23  Advanced Spatial Visualization

Today we will be focusing on the theory and practice of fancy geospatial data visualization.

23.1 Visual Categories and Encodings

Let’s go back to the beginning of this course. There are 3 categories of information that can be displayed.

  1. Quantitative
  2. Qualitative
  3. Spatial

Lecture 1.2.1

The three types of data can be encoded in:

  • Geometric primitives - points, lines, and areas
  • Visual channels - size, color, shape, position, angle, and texture

An advanced spatial visualization covering multiple layers of information needs to use multiple sets of encodings to convey information quickly and intuitively while not overwhelming the audience.

23.2 Circles, Lines, and Polygons - Oh My!

Fancy maps need distinct visual encodings, so the eye can be drawn the salient features.

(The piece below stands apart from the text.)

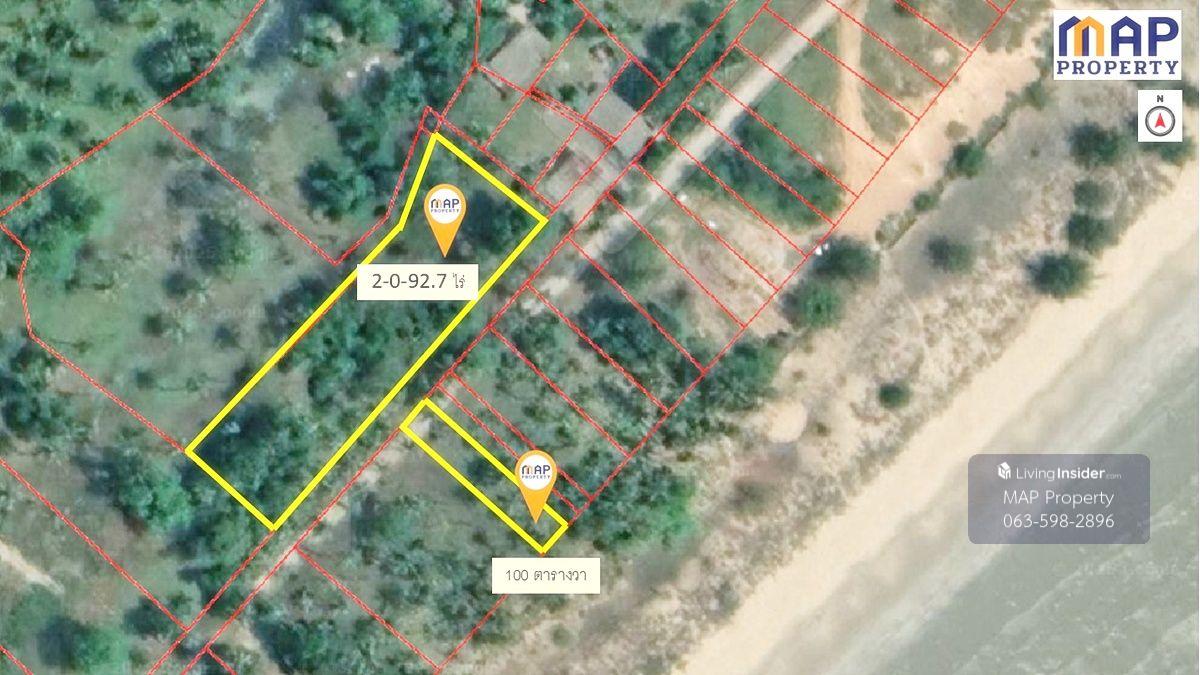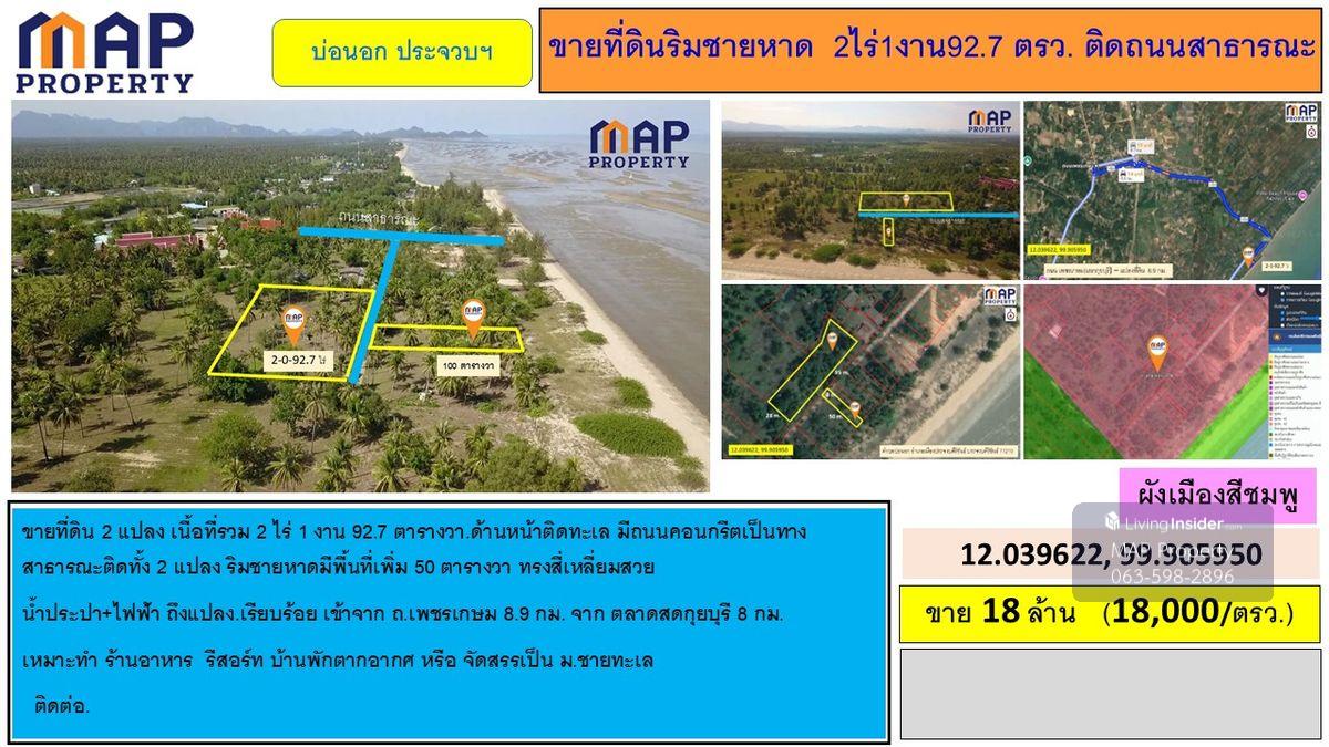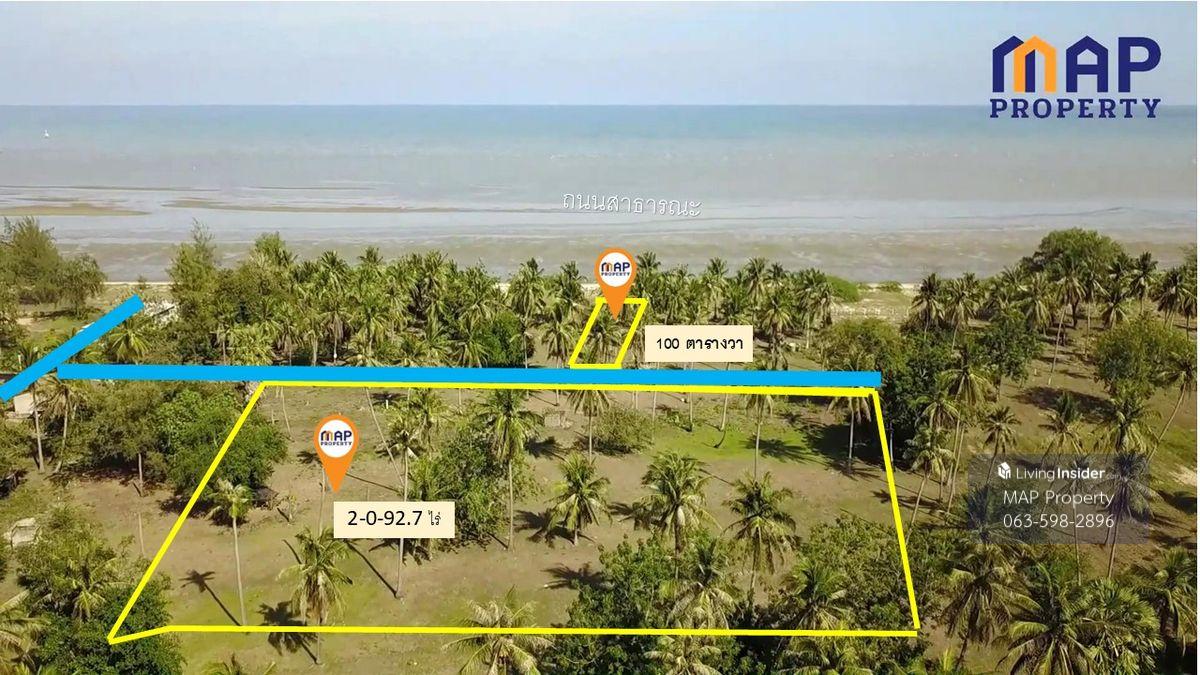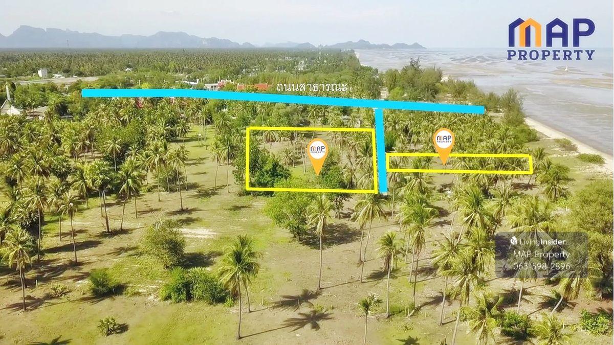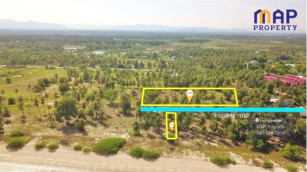 Land for sale 2 plots, The front is near the sea. There is a concrete road as a public road on both plots. -Beachfront has an additional area of ​​50 square wah, beautiful square shape. -Tap water + electricity to the plot. -Enter from Petchkasem Road 8.9 km. -From Kui Buri Fresh Market 8 km. -Suitable for a restaurant, resort, vacation home or a seaside village. For more information, please contact: Chansak 088.779.5655

One key way to do this is through ensuring different types/styles/aesthetics are displayed as unique fingerprints of visual encodings.

Let’s combine the three datasets we have showed in class for the sacrifice zones projects as example 1.

First, get all the libraries we need loaded up.

23.2.1 Example 1 - Uranium Mines and Navajo Lands

23.2.1.1 Acquire datasets

23.2.1.1.1 US EPA Uranium Mills and Mines Database

Here’s a geospatial dataset the EPA created for abandoned uranium mines in the Western US. It is downloadable as a zip file, which has multiple subdirectories. We will point to the master database as a first exploration.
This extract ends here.